Available records:

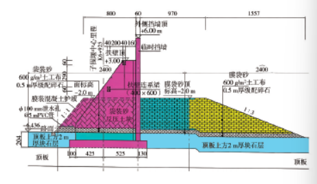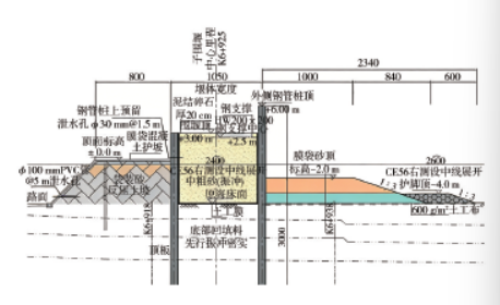 堰体标高+3 m,堰顶标高+6 m,堰宽10 m。钢板桩长度为30~33 m,内外排钢板桩之间采用钢拉杆连接,堰顶设L型扶壁式挡墙,围堰内采用膜袋砂反压以及膜袋混凝土护面,堰体内海平面以下8 m采用中粗砂换填,局部软弱土层采用旋喷桩加固。
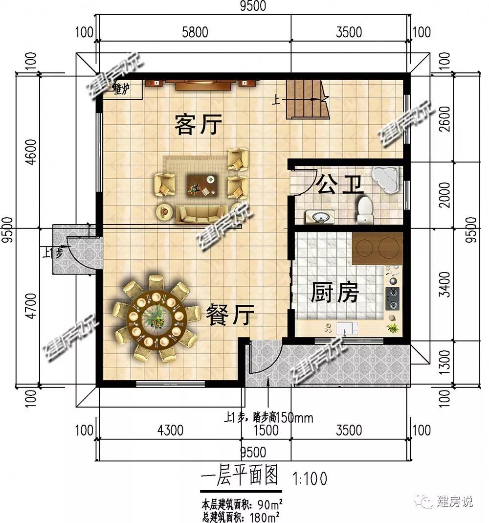 一层:客厅温馨紧凑,设有壁炉,方便取暖;餐厅面积宽敞,用餐环境愉悦。
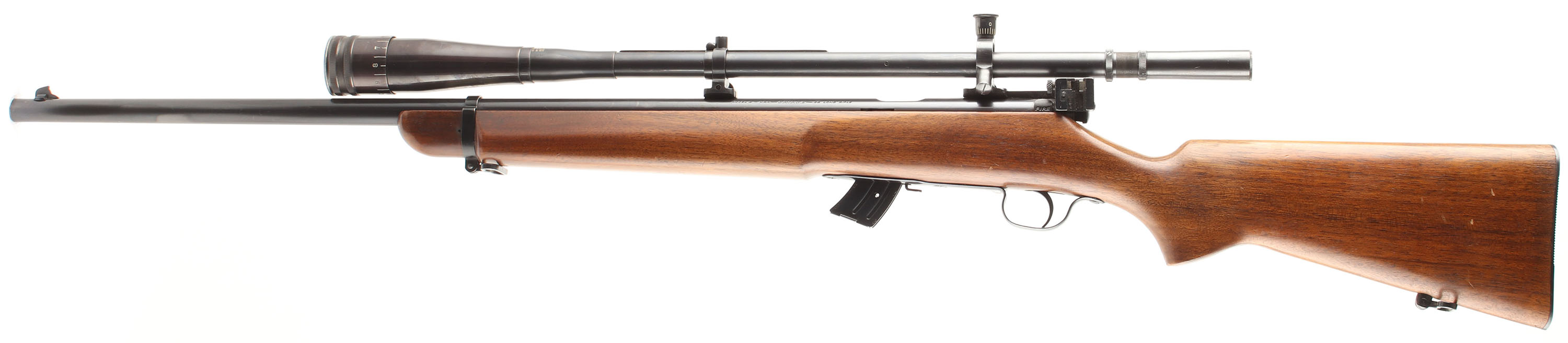 Savage, Model 19 N.R.A., CAL: .22 LR, MFG: 1919-33, SN: 50650, Bolt Action Rifle, 25 1/2'' barrel. This rifle was collaboration between Savage & the NRA to create a high-quality, match-grade rifle for smallbore competitions. The original flat pistol grip wood stock is excellent, with minor scratches & scuffs to the excellent finish. There is an oil run in the finish behind the bolt handle down to the trigger. The original metal blue finish rates 98%. The rifle is fitted with a Lyman Junior Targetspot 8 Power scope, the receiver is fitted with a Lyman receiver sight base, without the sight, & the barrel carries a blade front sight. Bore is excellent. Buttstock carries a grooved metal buttplate. Sling loops in stock & on front barrel band. Detachable mag. Excellent Overall. FFL or C&R Req. - Value: 300 to 600
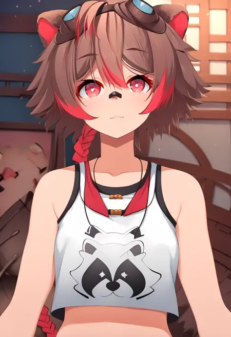Rakkun, animal ears, multicolored hair, brown hair, virtual youtuber, red hair, bandaid on nose, bandaid on face, raccoon ears, short hair, red eyes, hair between eyes, raccoon girl, tail, raccoon tail, streaked hair, goggles on head
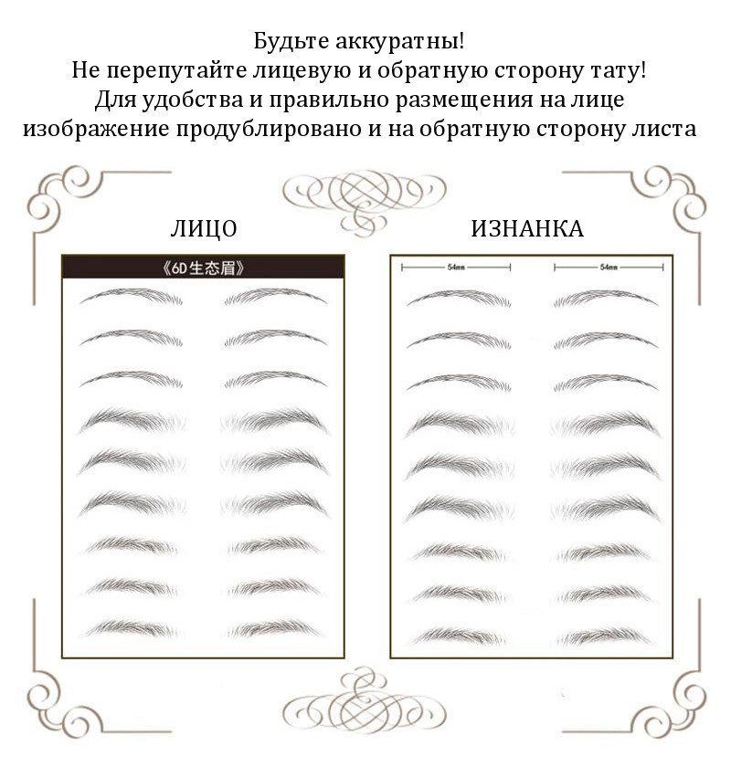 4. Будьте внимательны при определении лицевой и обратной стороны тату. Для удобства правильного расположения бровей на лице их изображение продублировано на обратную сторону листа. Обратите внимание на изображения ниже.
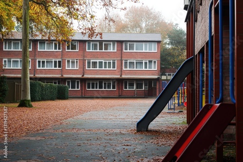 © Serhii, Fototapeta premium Lonely British School: A Quiet Playground Awaiting Young Learners
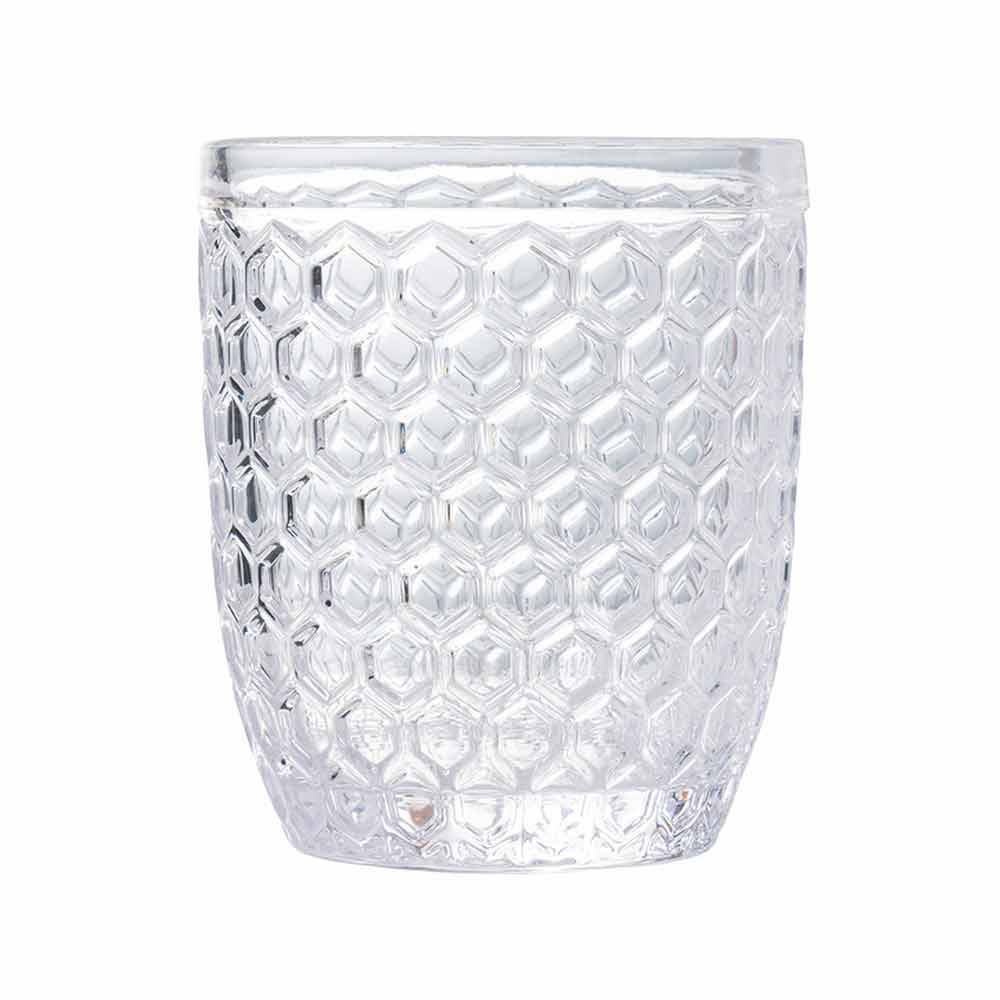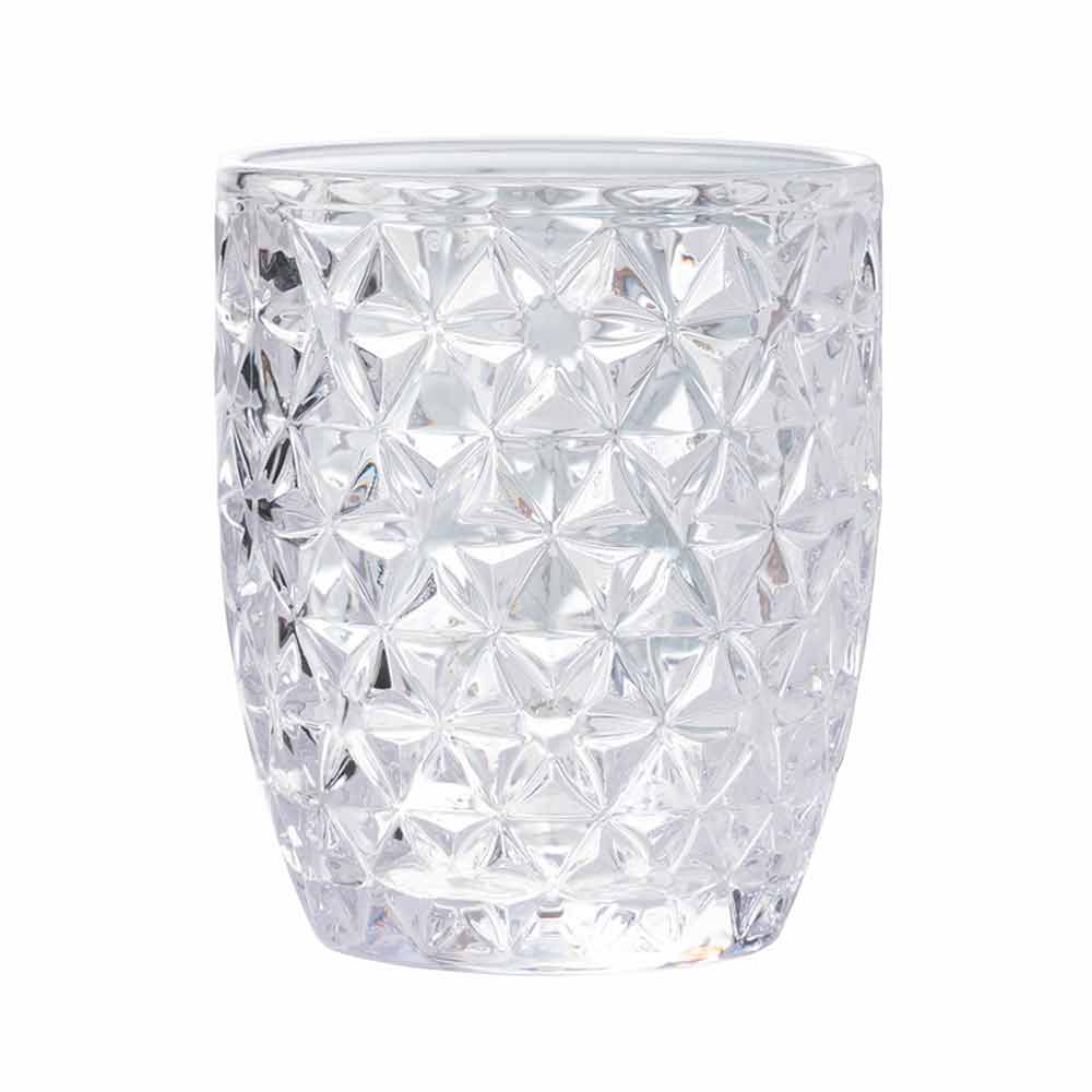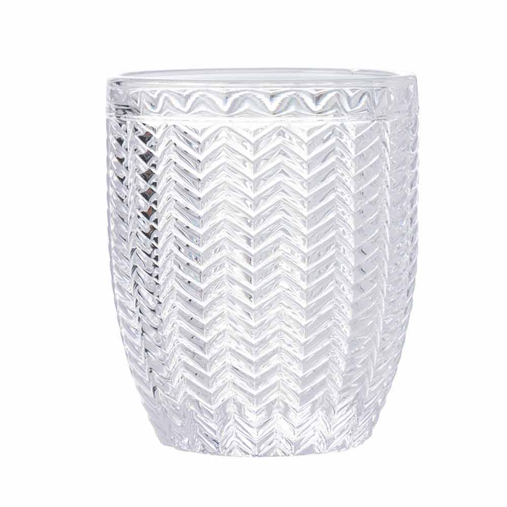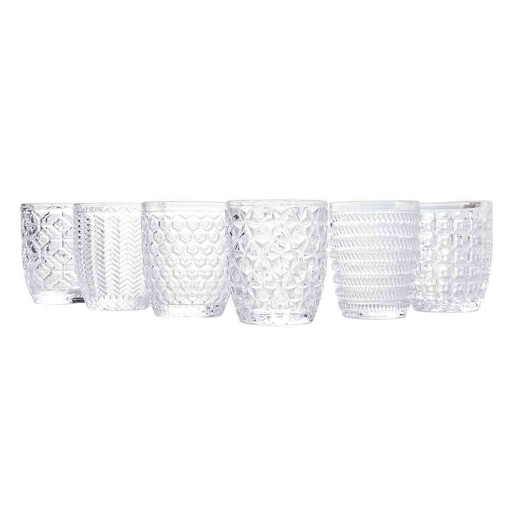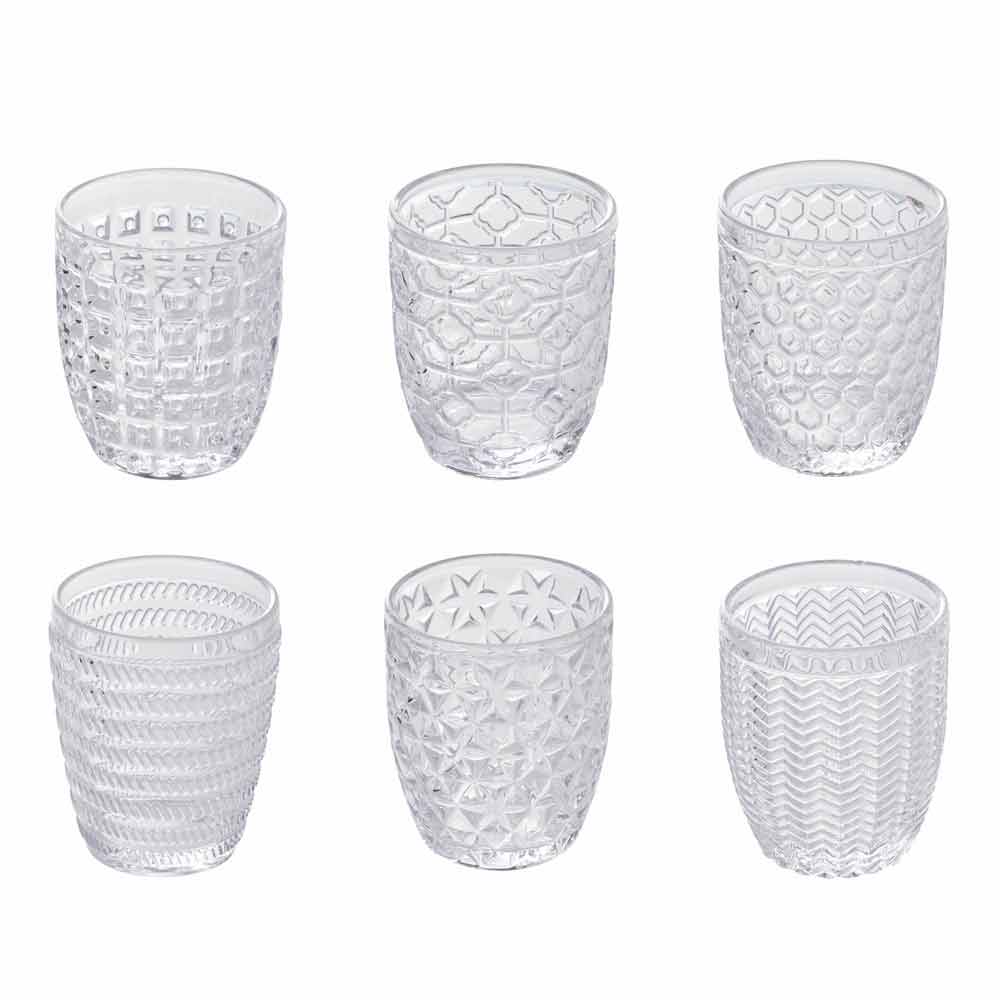 Set i gotave për ujë të bëra prej qelqi transparent të zbukuruar me gjeometri të ndryshme, 12 copë.

Exercise goal: Could you set down, exactly as written, every line from the start of the records above through the line containing "Rakkun, animal ears, multicolored", leaving the pictures out?

Exercise result:
 堰体标高+3 m,堰顶标高+6 m,堰宽10 m。钢板桩长度为30~33 m,内外排钢板桩之间采用钢拉杆连接,堰顶设L型扶壁式挡墙,围堰内采用膜袋砂反压以及膜袋混凝土护面,堰体内海平面以下8 m采用中粗砂换填,局部软弱土层采用旋喷桩加固。
 一层:客厅温馨紧凑,设有壁炉,方便取暖;餐厅面积宽敞,用餐环境愉悦。
 Savage, Model 19 N.R.A., CAL: .22 LR, MFG: 1919-33, SN: 50650, Bolt Action Rifle, 25 1/2'' barrel. This rifle was collaboration between Savage & the NRA to create a high-quality, match-grade rifle for smallbore competitions. The original flat pistol grip wood stock is excellent, with minor scratches & scuffs to the excellent finish. There is an oil run in the finish behind the bolt handle down to the trigger. The original metal blue finish rates 98%. The rifle is fitted with a Lyman Junior Targetspot 8 Power scope, the receiver is fitted with a Lyman receiver sight base, without the sight, & the barrel carries a blade front sight. Bore is excellent. Buttstock carries a grooved metal buttplate. Sling loops in stock & on front barrel band. Detachable mag. Excellent Overall. FFL or C&R Req. - Value: 300 to 600
Rakkun, animal ears, multicolored hair, brown hair, virtual youtuber, red hair, bandaid on nose, bandaid on face, raccoon ears, short hair, red eyes, hair between eyes, raccoon girl, tail, raccoon tail, streaked hair, goggles on head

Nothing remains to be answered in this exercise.